INFORMATION SUPPLIED:
--*--

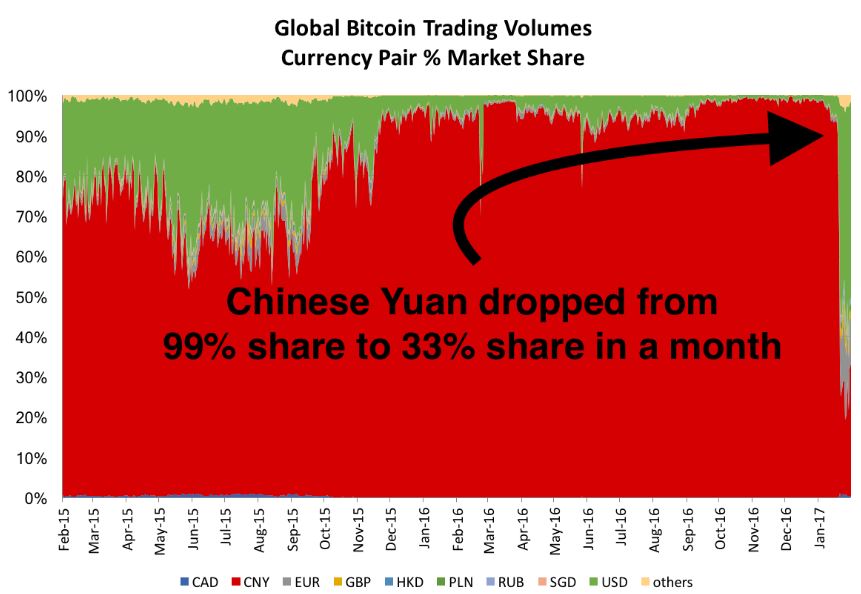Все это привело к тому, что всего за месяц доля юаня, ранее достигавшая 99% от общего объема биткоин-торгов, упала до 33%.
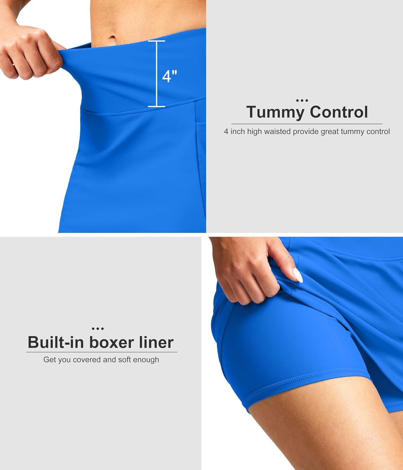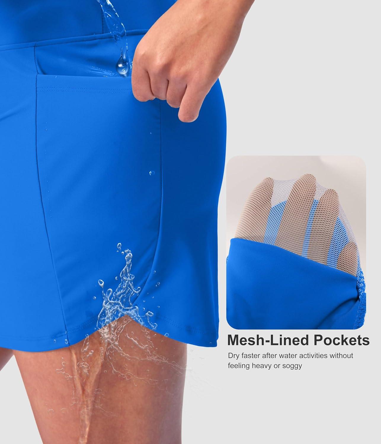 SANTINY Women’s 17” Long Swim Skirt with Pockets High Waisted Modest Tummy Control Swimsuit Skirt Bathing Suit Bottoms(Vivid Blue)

--*--

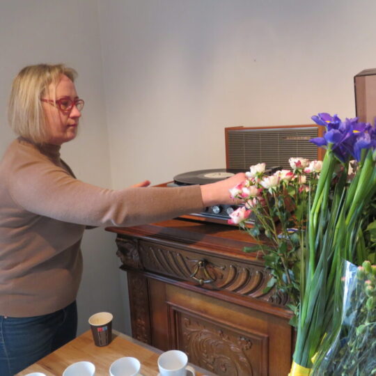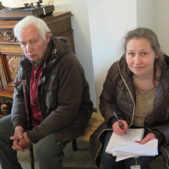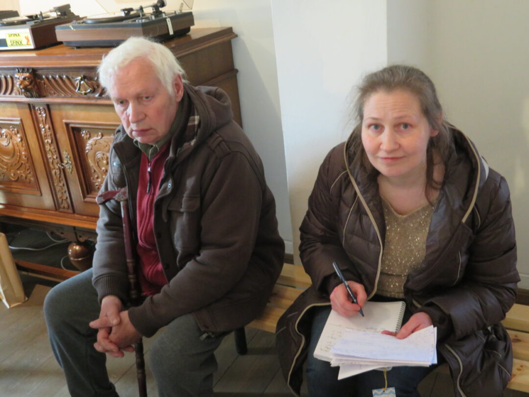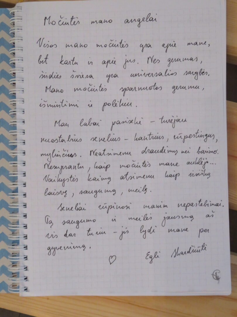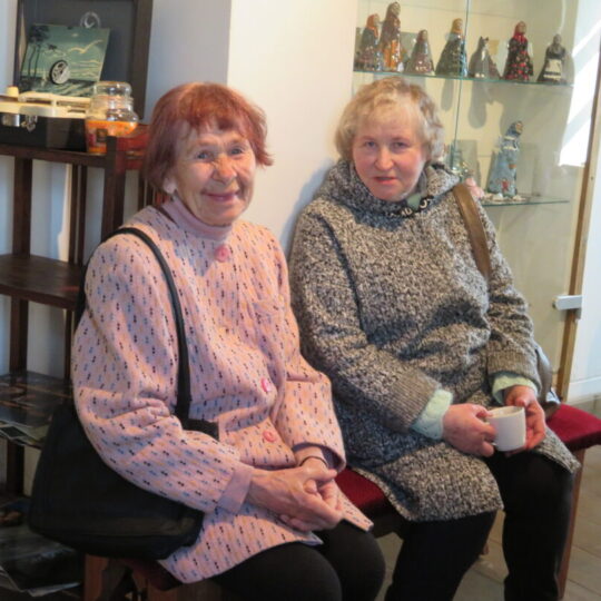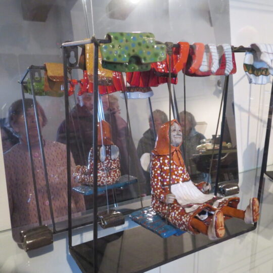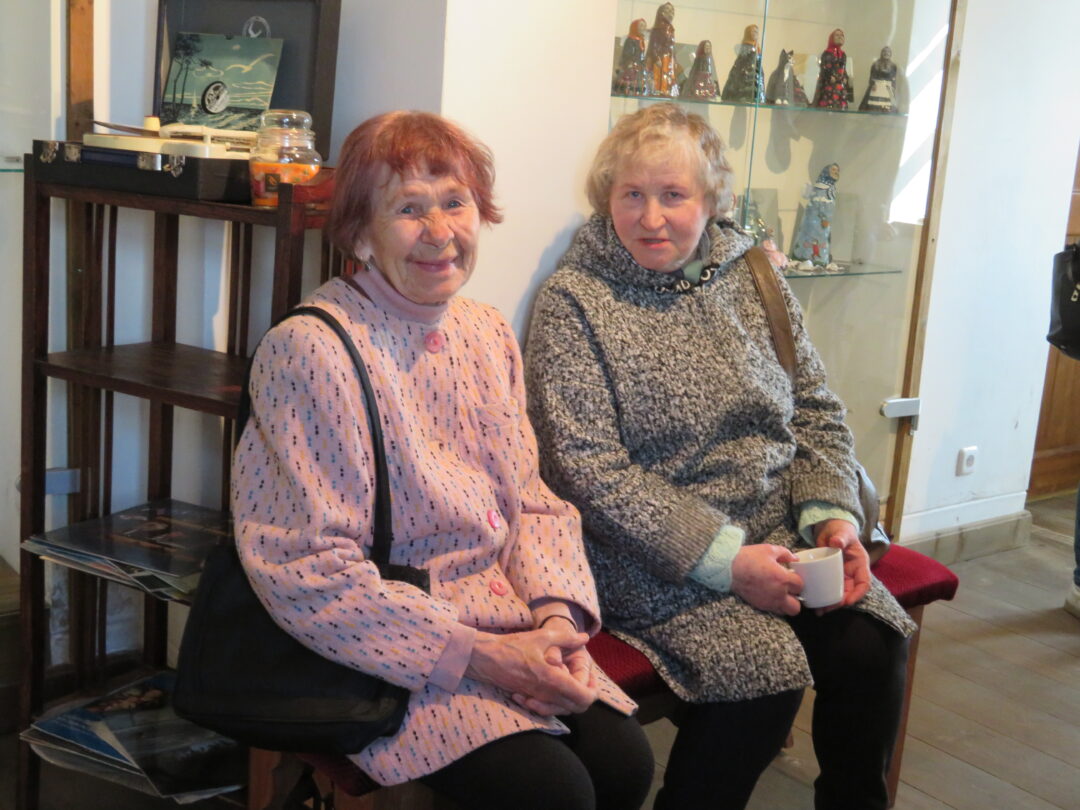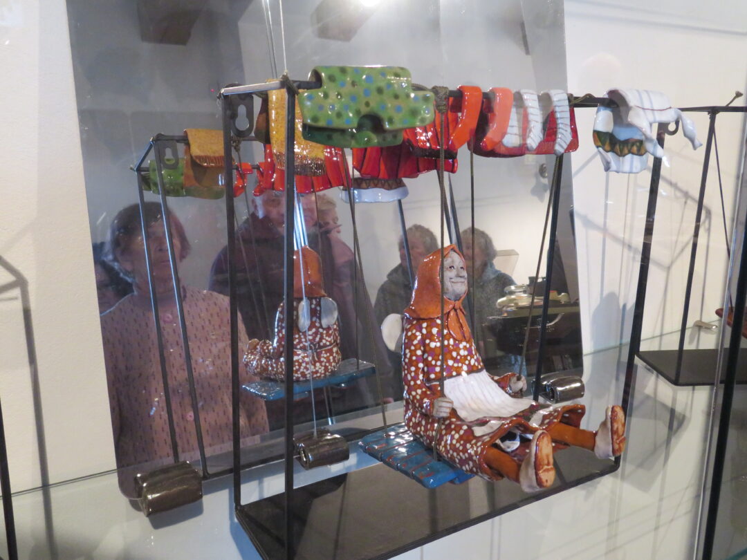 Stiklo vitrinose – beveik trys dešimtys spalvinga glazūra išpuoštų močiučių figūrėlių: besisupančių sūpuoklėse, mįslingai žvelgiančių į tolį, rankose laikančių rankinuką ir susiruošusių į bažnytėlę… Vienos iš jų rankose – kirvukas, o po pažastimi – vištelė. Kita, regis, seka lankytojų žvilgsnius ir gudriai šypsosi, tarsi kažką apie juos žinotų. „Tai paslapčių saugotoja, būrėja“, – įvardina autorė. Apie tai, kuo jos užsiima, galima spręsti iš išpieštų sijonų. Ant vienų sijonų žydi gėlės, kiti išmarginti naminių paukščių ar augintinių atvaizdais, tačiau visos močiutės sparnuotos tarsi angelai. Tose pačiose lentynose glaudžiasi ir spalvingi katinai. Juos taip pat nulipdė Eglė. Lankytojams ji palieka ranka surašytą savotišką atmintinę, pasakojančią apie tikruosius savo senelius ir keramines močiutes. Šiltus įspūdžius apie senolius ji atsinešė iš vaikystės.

--*--

WHAT THE EXERCISE ASKS: From the entries above, copy exactly the lines starting at the one with "Все это привело" and stopping at the one with "Suit Bottoms(Vivid Blue)", keeping both ends. Drop the pictures.

EXERCISE RESPONSE:
Все это привело к тому, что всего за месяц доля юаня, ранее достигавшая 99% от общего объема биткоин-торгов, упала до 33%.
 SANTINY Women’s 17” Long Swim Skirt with Pockets High Waisted Modest Tummy Control Swimsuit Skirt Bathing Suit Bottoms(Vivid Blue)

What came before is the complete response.